Low-frequency noise from shipping is causing chronic stress in whales, a study has found.
The period of reduced ship traffic in Canada’s Bay of Fundy following the terrorist attacks of September 11 allowed scientists to examine the effects on right whales’ stress hormones, which can be detected from their feces.
“Essentially, the animals’ stress levels dropped when the underwater ship noises did,” says Professor Douglas P Nowacek of Duke University.
“There was a six-decibel decrease in underwater noise in the bay following 9/11, with an especially significant reduction in the low-frequency ranges below 150 hertz.
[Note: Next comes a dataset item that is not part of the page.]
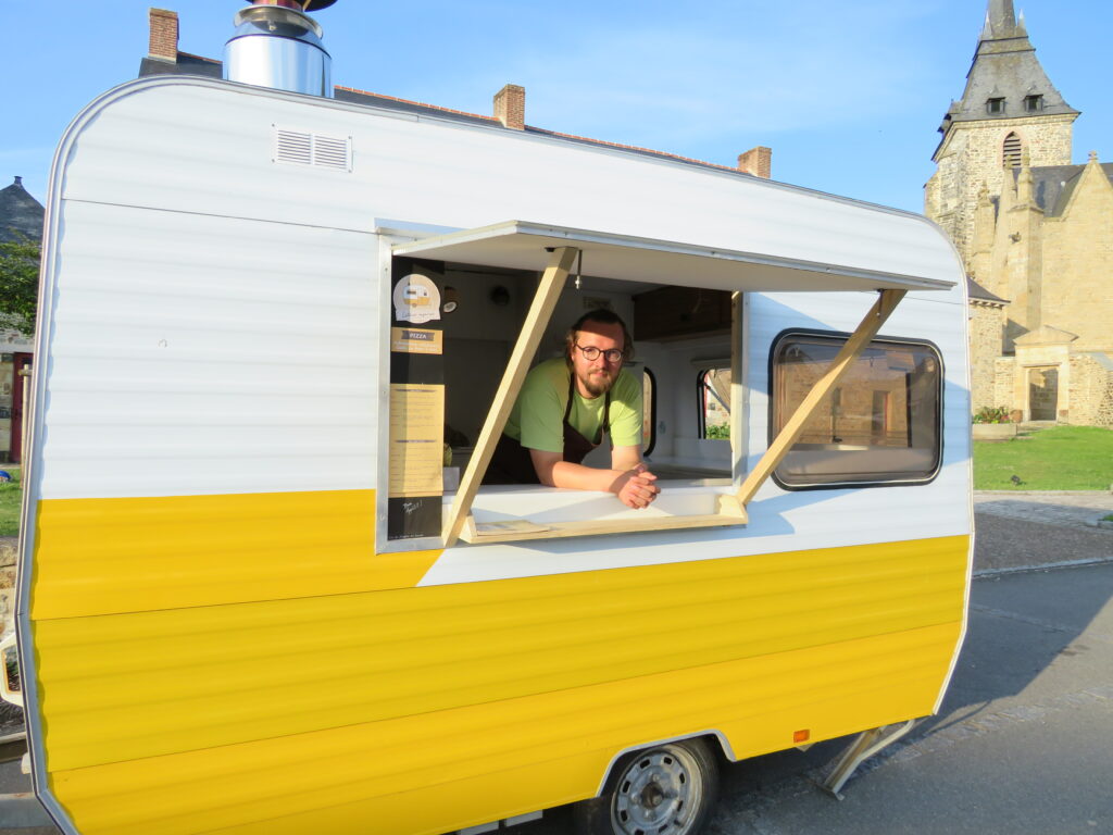 Kevin, nouvel artisan de Bais, vous propose des pizzas cuites dans un four à bois depuis son Food-truck ‘’L’atelier Enfariné’’ aux allures des plus originales : une caravane jaune et blanche.

This correlated to reduced baseline levels of stress-related hormone metabolites in samples collected from whales later that fall,” he explains.
In subsequent years, he says, ship traffic – and noise – were higher, along with the whale’s stress-hormone levels.
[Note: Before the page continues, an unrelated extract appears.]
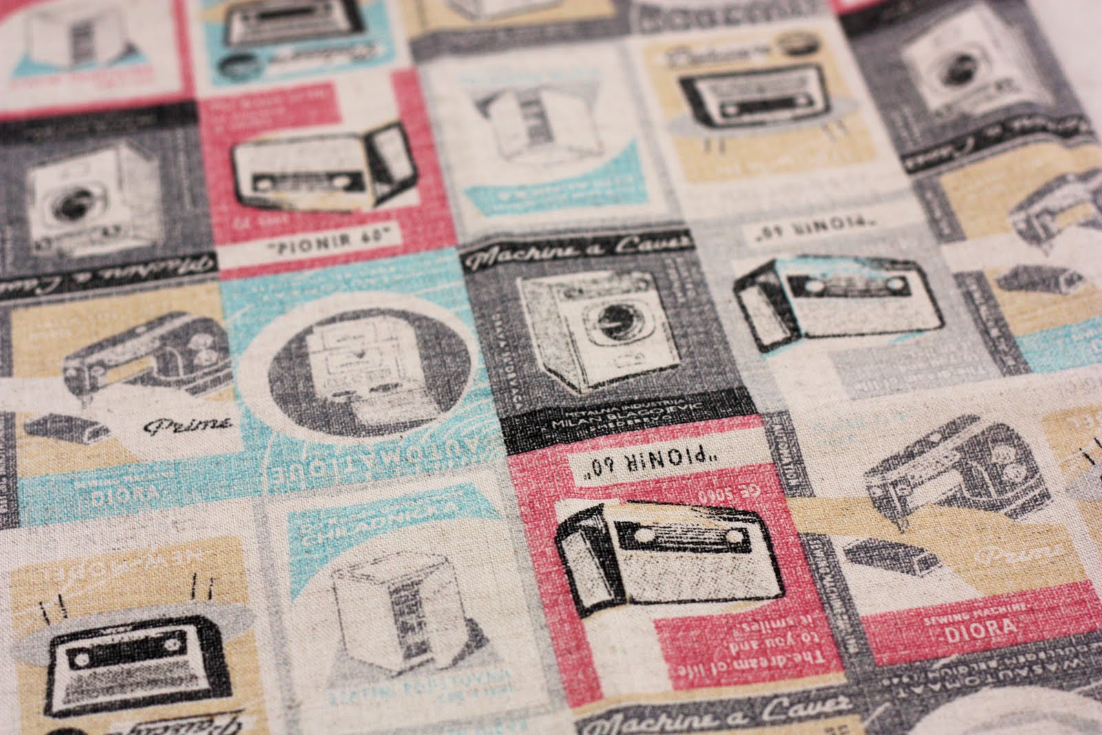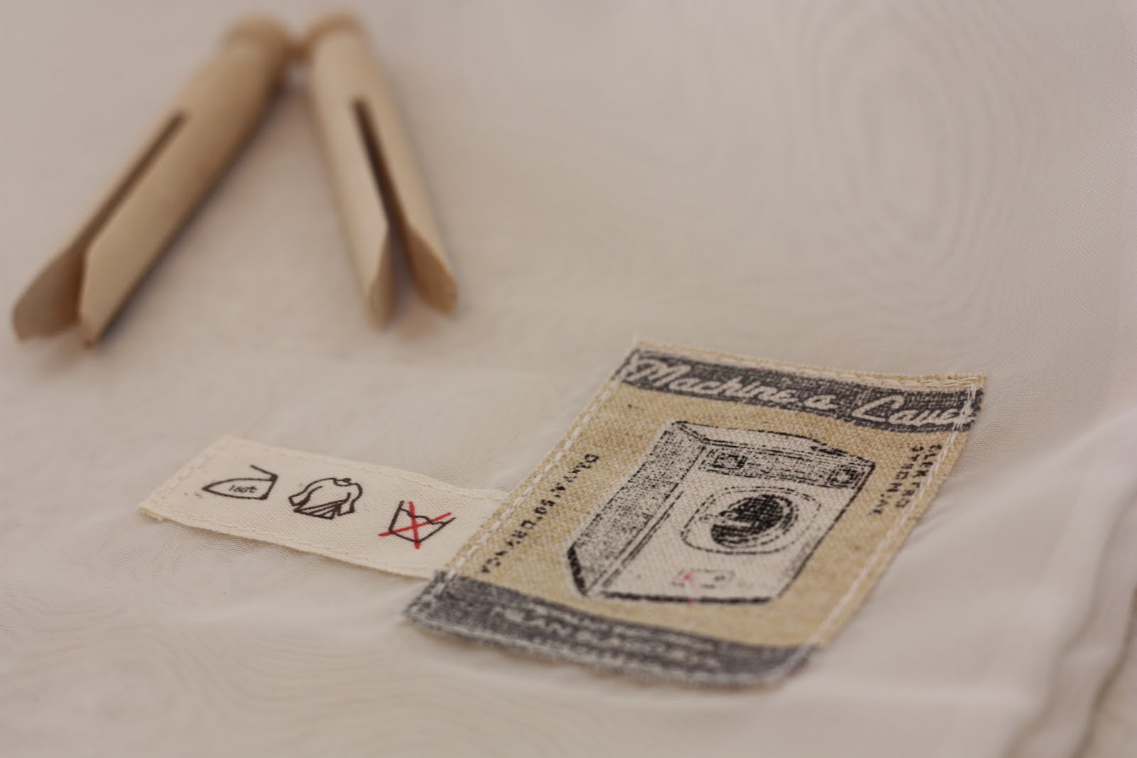Of course it needed a bit of embellishment so I added an appliquéd patch of a washing machine and a tag with washing symbols. Unfortunately the linen had the selvedge missing so I can’t identify it but it was a piece I picked up in Japan in 2010. I love the retro appliances.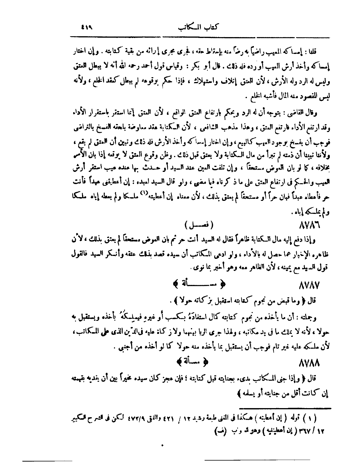 [مَسْأَلَةٌ مَا يَأْخُذُهُ السَّيِّدُ مِنْ نُجُومِ كِتَابَتِهِ.]

Most harmful, he says, are the sounds made by large ships, whose propellers and engines generate low-frequency noise that overlaps with the frequency band used by baleen whales for communication. These low frequencies travel very well through the ocean.
Whales have in the past been observed to react to increased noise with habitat displacement, behavioral changes, and alterations in the intensity, frequency and intervals of their calls.
However, this study marks the first evidence that exposure to the noise also results in physiological responses that could be harmful to the whales.